Fortunately, the data set also gives us the population (in millions). We can use this to calculate the total GDP for each country. Then we can save that calculation in a variable called TotalGDP in case we want to use it later.
happy3 <- happy %>%
mutate(TotalGDP = GDPperCapita * Population )
head(happy3)
## Country Region Happiness GDPperCapita Population TotalGDP
## 1 Albania 7 5.5 5316 3.15 16745.4
## 2 Algeria 3 5.6 7062 32.85 231986.7
## 3 Angola 4 4.3 2335 16.10 37593.5
## 4 Argentina 1 7.1 14280 38.75 553350.0
## 5 Armenia 7 5.0 4945 3.02 14933.9
## 6 Australia 2 7.9 31794 20.40 648597.6
This gives us the total GDP for each country in millions of dollars.
So now we have the happiness scores and total GDP for all the countries in the data set. Which countries are the happiest? The wealthiest?
We could go through our data by hand and try to find the largest values, but that sounds like a pain. Let's sort our data to find out.
The happiest countries:
happy4 <- happy3 %>%
arrange( desc(Happiness))
head(happy4)
## Country Region Happiness GDPperCapita Population TotalGDP
## 1 Costa Rica 1 8.5 10180 4.33 44079.4
## 2 Denmark 2 8.1 33973 5.42 184133.7
## 3 Ireland 2 8.1 38505 4.16 160180.8
## 4 Norway 2 8.1 41420 4.62 191360.4
## 5 Canada 2 8.0 33375 32.31 1078346.2
## 6 Finland 2 8.0 32153 5.25 168803.2
happy5 <- happy3 %>%
arrange( desc(TotalGDP)) %>%
select(Country, TotalGDP, Happiness)
head(happy5)
## Country TotalGDP Happiness
## 1 United States of America 12420804 7.9
## 2 China 8814506 6.7
## 3 Japan 3994985 6.8
## 4 India 3778490 5.5
## 5 Germany 2429649 7.2
## 6 United Kingdom 2001925 7.4
In the last section, we built on the skills we had already developed in order to find the happiest countries in one particular region. But what if we wanted to compare happiness across all the regions, on average?
We can do this by creating a grouped summary. First we group our data by one variable (e.g. Region), and then we summarize each region (e.g. with the average happiness in that region).
Here's what the code looks like:
happy_planet %>%
group_by(Region) %>%
summarize(AverageHappy = mean(Happiness))
## # A tibble: 7 x 2
## Region AverageHappy
## <int> <dbl>
## 1 1 6.91
## 2 2 7.55
## 3 3 5.99
## 4 4 4.05
## 5 5 5.59
## 6 6 6.32
## 7 7 5.74
Suppose we want to do multiple tasks at once. It got a little clunky to try to keep creating multiple data sets-- happy2, happy3, happy4, etc.

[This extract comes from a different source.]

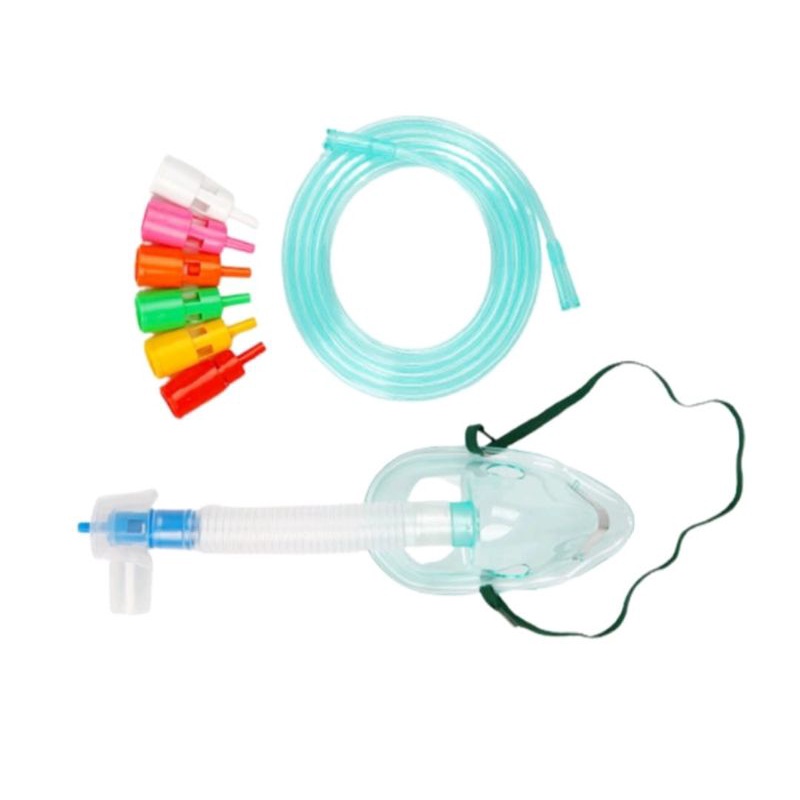 Venturi masker oksigen dengan tubing (6 diluter) konsentrasi tinggi masker. Venturi mask merupakan metode pemberian oksigen paling akurat dan dapat diandalan untuk konsentrasi oksigen yang tepat melalui cara non invasif. ED. 2026/08
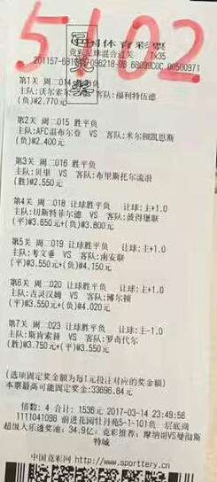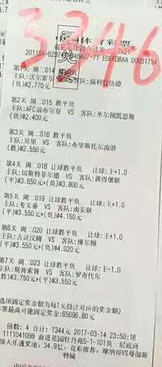 3月14日,还是在顺义区的I智慧竞彩店,还是同一位彩友,投注竞彩足球混合过关7串21,依然是4倍投注,最终以1344元投入中奖3346元,中奖赢利2002元。

What if we could put everything in order and have R go through all the steps at once?
We can.
For instance, if we wanted to focus on Western countries and look at the total GDP of the happiest countries, we could do so:
happy_final <- happy_planet %>%
filter(Region == 2) %>%
mutate(TotalGDP = GDPperCapita * Population ) %>%
arrange( desc(Happiness)) %>%
select(Country, TotalGDP, Happiness)
head(happy_final)
## Country TotalGDP Happiness
## 1 Denmark 184133.7 8.1
## 2 Ireland 160180.8 8.1
## 3 Norway 191360.4 8.1
## 4 Canada 1078346.2 8.0
## 5 Finland 168803.2 8.0
## 6 Australia 648597.6 7.9
Getting your data set up in R can be challenging, but there are a few functions that help make things tidier.
- View: view your data in a separate tab
- select: choose variables
- filter: choose cases
- mutate: create new variables
- group_by and summarize: create grouped summaries
- %>%: speed up your workflow
- Input the data set "HomesForSale" from the Lock5 website (http://www.lock5stat.com/datasets/HomesForSale.csv).
- Filter your data to only look at homes with fewer than 5 bedrooms.
- Create a new variable to measure the price-to-size ratio. In other words, let PricePerArea = Price / Size.
- Use a grouped summary to find the average price per square foot in each of the four states. Which state has the most expensive houses per square foot?